[英]R: how to find the ratio when using dplyr
I want to add a column to find ratio of the element which divide by the total of elements that shared same type, for example, (type,genre)=(1,0),the ratio will be n/sum(same type)=2/3我想添加一列来查找元素除以共享相同类型的元素总数的比率,例如,(类型,流派)=(1,0),比率将为 n/sum(相同类型) =2/3
coco<-data.frame(type=c(1,2,1,2,3,1,2,3,4,4),genre=c(0,1,0,1,1,1,0,0,1,0))

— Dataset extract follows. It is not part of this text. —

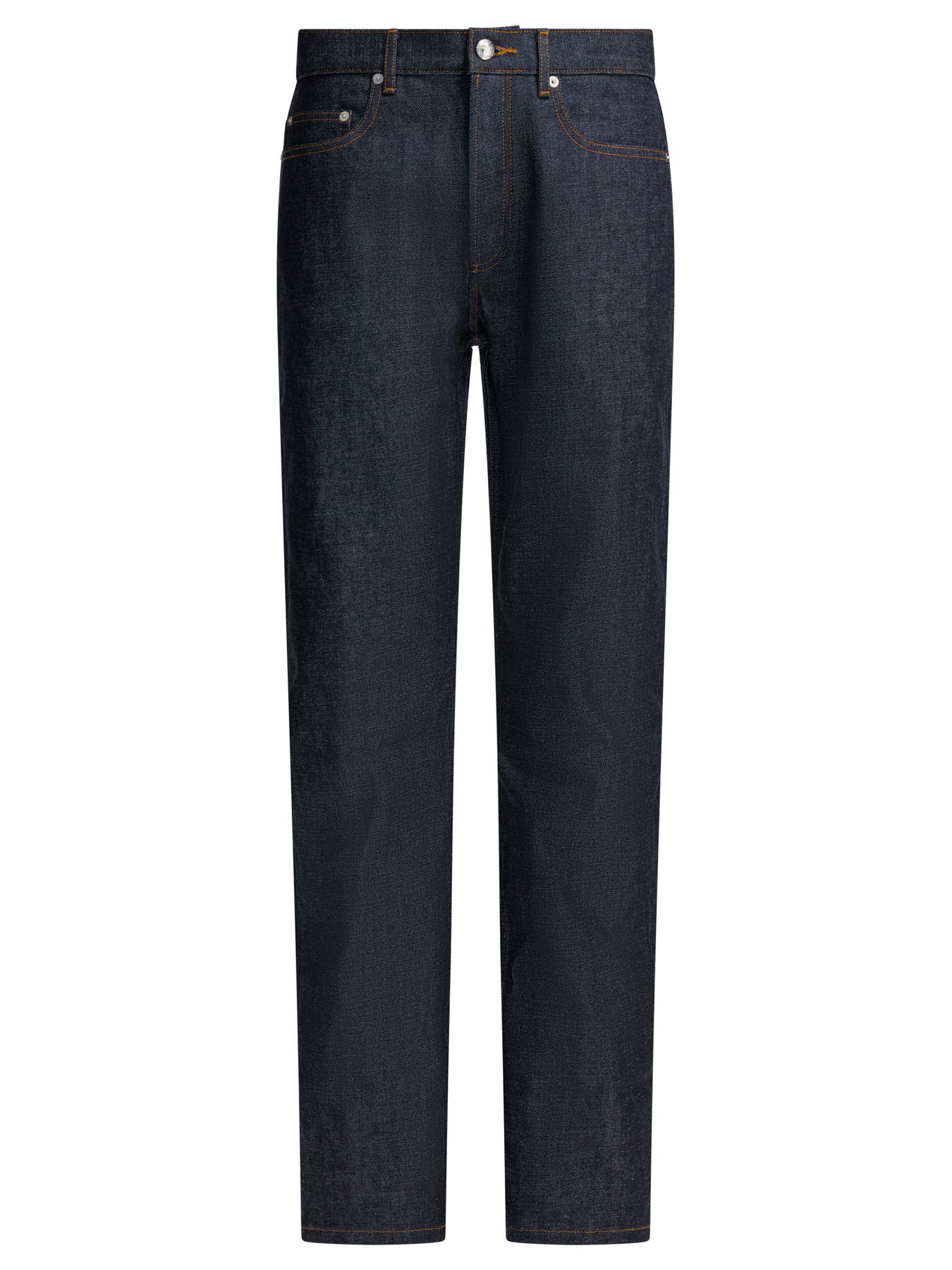 A.P.C. "Rescue" jeans, constructed of selvedge Japanese denim, features a mid/low waist construction and a straight, wide silhouette. The construction includes a buttoned closed flap and trim featuring caramel-colored topstitching and silver-colored metal rivets. The fabric surface and texture offer a precise and soft structural perception, excluding superfluous or decorative details. || - Solid color - Mid-rise - Japanese denim fabric with selvedge - Straight and wide cut - Buttoned flap - Caramel-colored topstitching - Silver-colored rivets - Relaxed fit

coco%>%group_by(type,genre)%>%summarise(n=n())
# A tibble: 8 x 3
# Groups: type [4]
type genre n
<dbl> <dbl> <int>
1 1 0 2
2 1 1 1
3 2 0 1
4 2 1 2
5 3 0 1
6 3 1 1
7 4 0 1
8 4 1 1
coco%>%count(type)
type n
1 1 3
2 2 3
3 3 2
4 4 2
I tried to use:我尝试使用:
coco%>%group_by(type,genre)%>%summarise(n=n(),ratio=n/sum(type))
but didn't work, it should print out like:但没有用,它应该像这样打印出来:
type genre n ratio
<dbl> <dbl> <int>
1 1 0 2 0.66
2 1 1 1 0.33
3 2 0 1 0.33
4 2 1 2 0.66
5 3 0 1 0.5
6 3 1 1 0.5
7 4 0 1 0.5
8 4 1 1 0.5
May I ask what part should I modify?请问我应该修改哪个部分? (Sorry for bad explanation and thank in advance)
(抱歉解释不好,提前感谢)
A shortcut for group_by(x) %>% summarize(n = n())
is count(x)
. group_by(x) %>% summarize(n = n())
的快捷方式是count(x)
。
Your code would work if you modified to如果您修改为,您的代码将起作用
coco%>%group_by(type,genre)%>%summarise(n=n()) %>% mutate(ratio=n/sum(n))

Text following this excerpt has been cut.